Culture, Travel & Sport

Online exhibition highlights importance of Polish mathematicians in cracking Enigma code

Enigma. Decipher Victory, reveals the extent to which the input of Polish cryptographers made possible the breaking of Nazi Germany’s Enigma code during World War Two.

Organised by Poland’s Wielkopolska region and financed by the Polish Ministry of Foreign Affairs, a major exhibition, Enigma. Decipher Victory, has previously been on display in museums and galleries in Belgium, France, the Netherlands, Italy, Portugal, as well as the UK’s National Codes Centre at Bletchley Park.

It is now available online.



While Britain’s Alan Turing has in large part been credited for cracking the Enigma code, employed extensively by Nazi Germany during World War II, in all branches of the military, his success would have been impossible without the contribution of a number of Polish thinkers.

The exhibition tells the story of these Polish mathematicians and cryptologists, which it describes as “forgotten”, but imperative to decoding Enigma, an achievement many historians believe greatly contributed to allied efforts against Nazi Germany and shortening the war.

The Polish Cipher Bureau predated Bletchley Park

Most of Poland’s groundbreaking achievements in code-breaking during the World War II were made possible by the work of mathematicians working at the Polish Cipher Bureau.

An establishment similar to Britain’s Bletchley Park, which became the centre of the Allies’ code-breaking efforts during the same war, the Polish Cipher Bureau (Biuro Szyfrów) was established as a cryptography and cryptanalysis institution almost two decades earlier.

Pressured by a threatening and expanding Soviet Union, the bureau was created in 1919, at the height of the Polish-Soviet War, during which an estimated one hundred Russian ciphers were broken successfully.

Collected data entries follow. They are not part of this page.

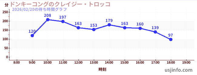 • ドンキーコングのクレイジー・トロッコ$B$N(B2026年02月20日の待ち時間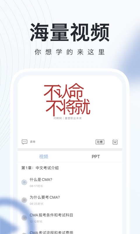 对啊CMA考试随身学最新版是对啊网旗下为备考会计师打造的线上的教育学习平台,拥有大量干货公开课,考试要点一网打尽,海量视频可以随时在线学习,还精编题库专题内容,不断复习巩固,针对性训练,帮助大家查漏补缺,高效备考!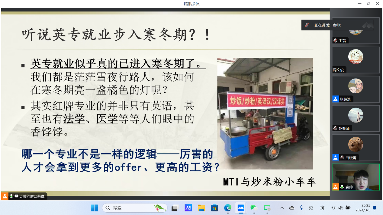 学生会主席袁帅(报送研究生)分享了自己收集到的一些英专就业方向和获得就业信息的渠道。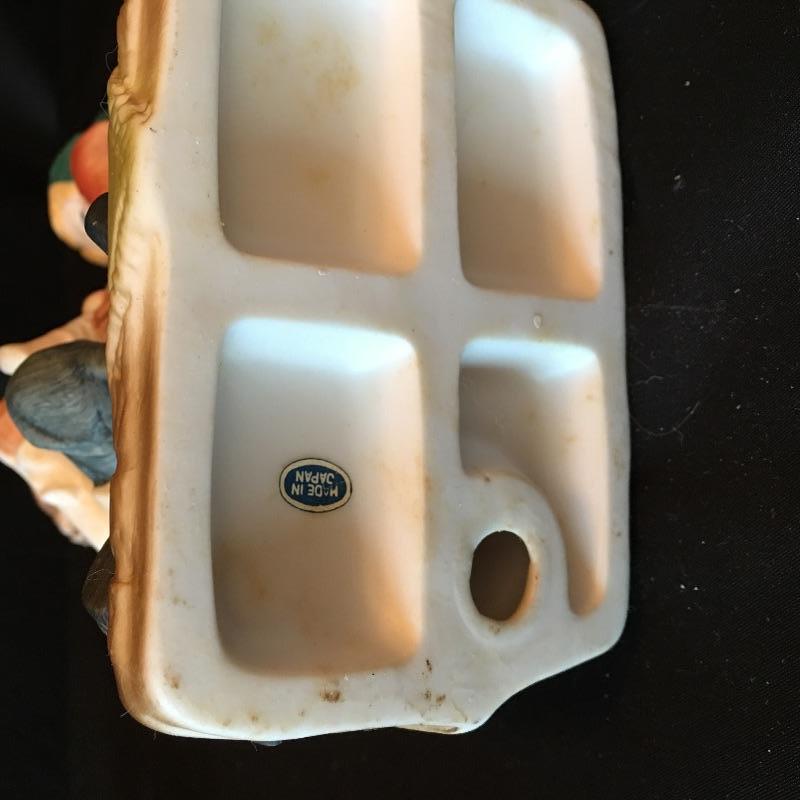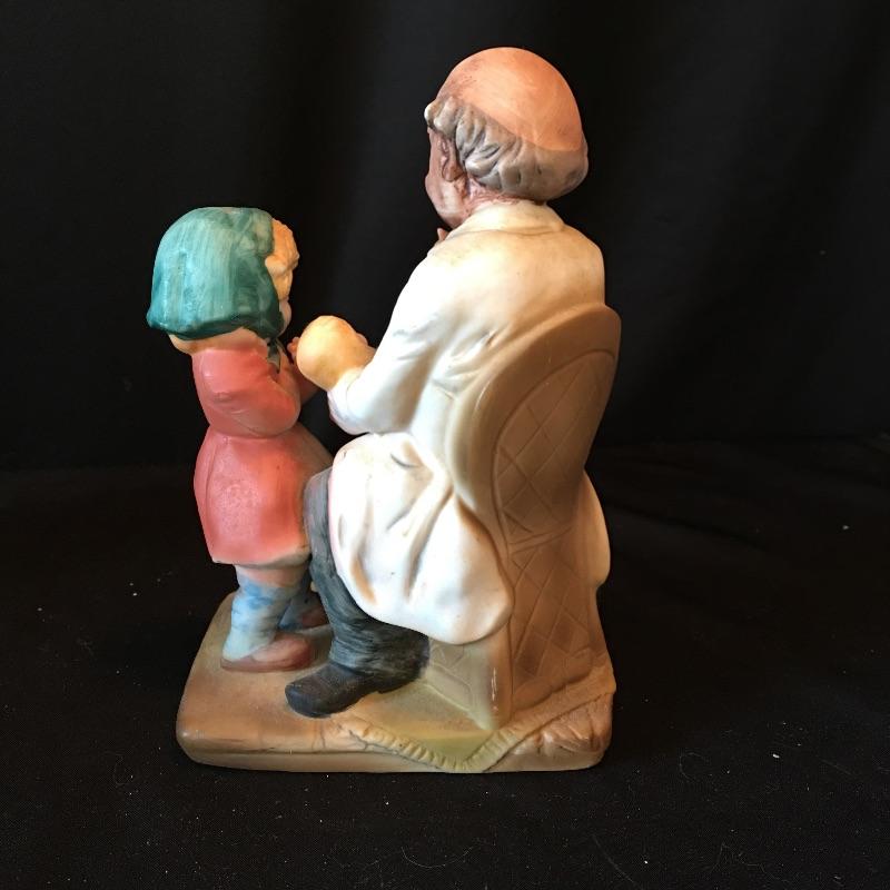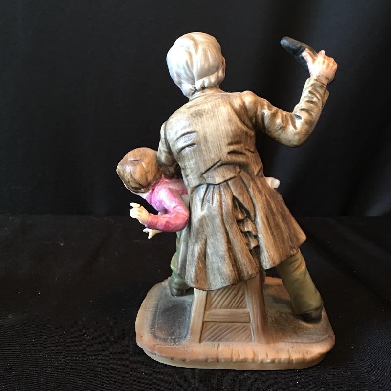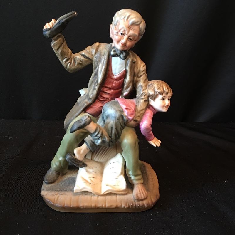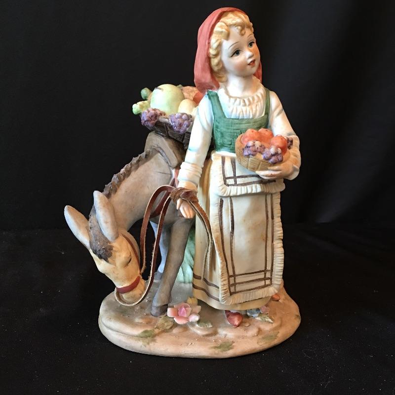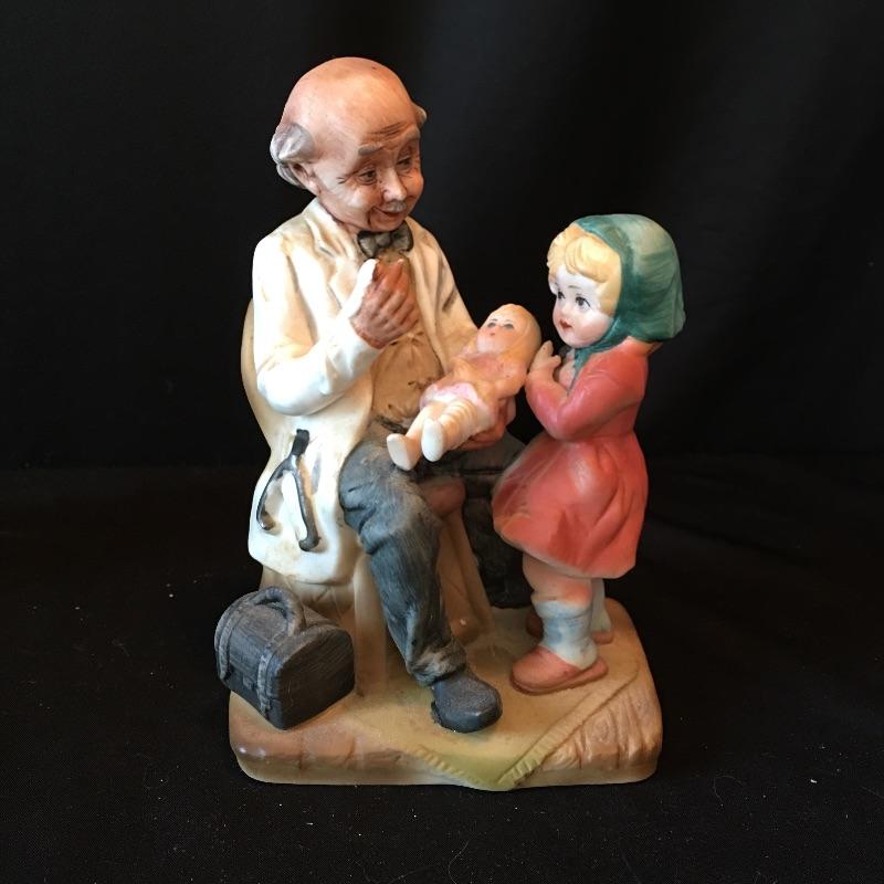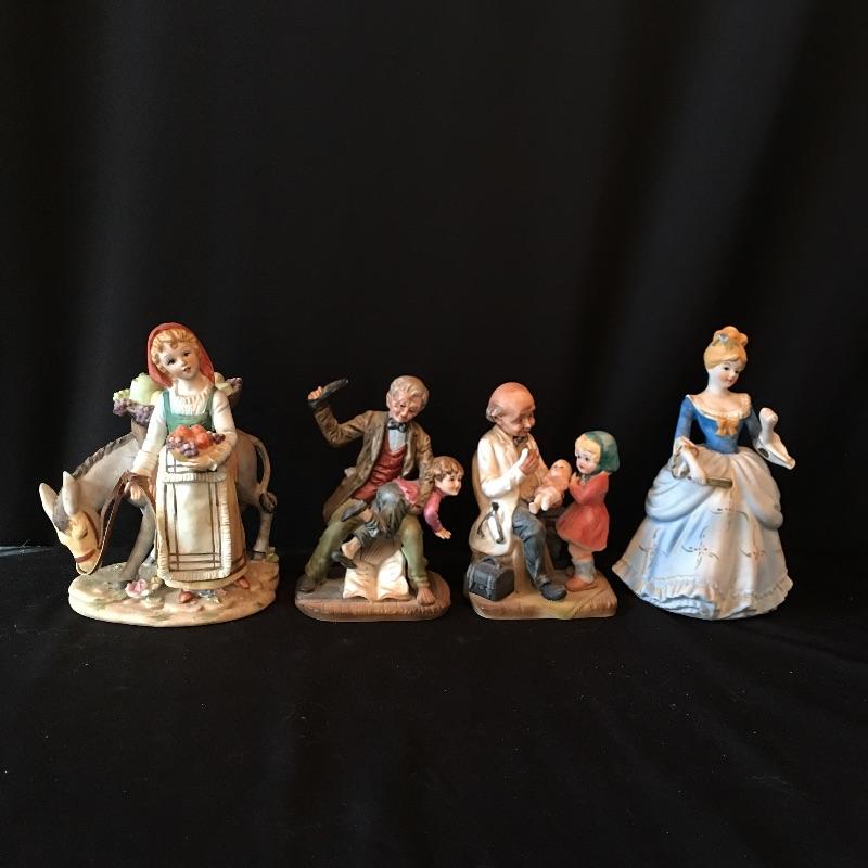 Lovely Ardalt Linwile china figurine of a lady and her donkey, a figurine of a Dr tending to a doll, a figurine of a father spanking his child, both are marked made in Japan. There is also an unmarked figurine of a lovely lady in a blue dress. Ardalt Linwile figurine measures 4.5” x 5.5” x 8”.

One of those figures whose legacy has been highlighted by the exhibition is Marian Rejewski. He studied mathematics at Poznań University, and in 1932 reconstructed the Enigma machine – already in use in Germany – using limited information provided by French military intelligence.

In particular, Rejewski was the first to note the cyclical nature of the cipher machine. Knowing this feature, he used mathematics to reconstruct it without ever having to see it, and eventually the first to attempt to read a message sent by the Enigma.

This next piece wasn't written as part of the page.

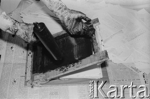 Podziemna drukarnia. Druk ulotek na ramce drukarskiej.

As early as 1920, Rejewski was one of 26 students at the Faculty of Mathematics at Poznań University to be selected by Maksymilian Ciężki, the head of the Polish Cipher Bureau at the time, to take part in a cryptology course.

After six months Rejewski was one of the eight mathematicians working at a “specially-organised branch” of the Polish Cipher Bureau.

Also part of the team was Henryk Zygalski, who in 1938 developed the Zygalski sheets – a cryptologic technique which was later heavily utilised at Bletchley Park to finalise efforts to decode the Enigma.

According to exhibition, Turing acquired Zygalski’s work during a trip to France in 1940 when he cooperated with his Polish counterparts

As the allies were making final efforts to break the German code, Rejewski and Zygalski, alongside Jerzy Różycki, also of the Polish Cipher Bureau, joined Turing at Bletchley Park. The three mathematicians are now commemorated at Bletchley’s Polish Memorial.

“They invited the French and British and explained all their codebreaking methods and handed over a Polish mock-up of the Enigma machine which they’d made,” says Bletchley Park Polish expert John Gallehawk.

According to Gallehawk, during the war, it was “a magnanimous gift for one country to reveal its intelligence secrets to another.”

In April 1940, the team made up of British and Polish mathematicians successfully decoded the Enigma, which historians have argued shortened the war by two years.

Legacy

At the end of the war Henryk Zygalski chose to remain in the UK. And yet while the Zygalski sheets were vital for Turing to successfully decode the Enigma and for the Allies eventual victory, the UK did not recognise his Polish diploma and he had to enrol on a mathematics degree course at a British university.

Unsurprisingly, Zygalski completed his degree with ease and eventually became a lecturer of mathematical statistics at the University of Surrey and remained in the country until passing away in 1978.

Just prior to his death, Zygalski was also awarded an honorary doctorate by the Polish University in Exile in London for his essential contribution to breaking the Enigma.

His colleague Marian Rejewski, whose work at Bletchley Park was equally important, returned to Poland after the end of the war where he began working as an accountant and remained reluctant to speak of his contribution to the British war efforts, so as not to attract any unwanted attention from Poland’s communist government.

Only in 1967 did he submit his accounts of World War II to the Polish Military Historical Institute.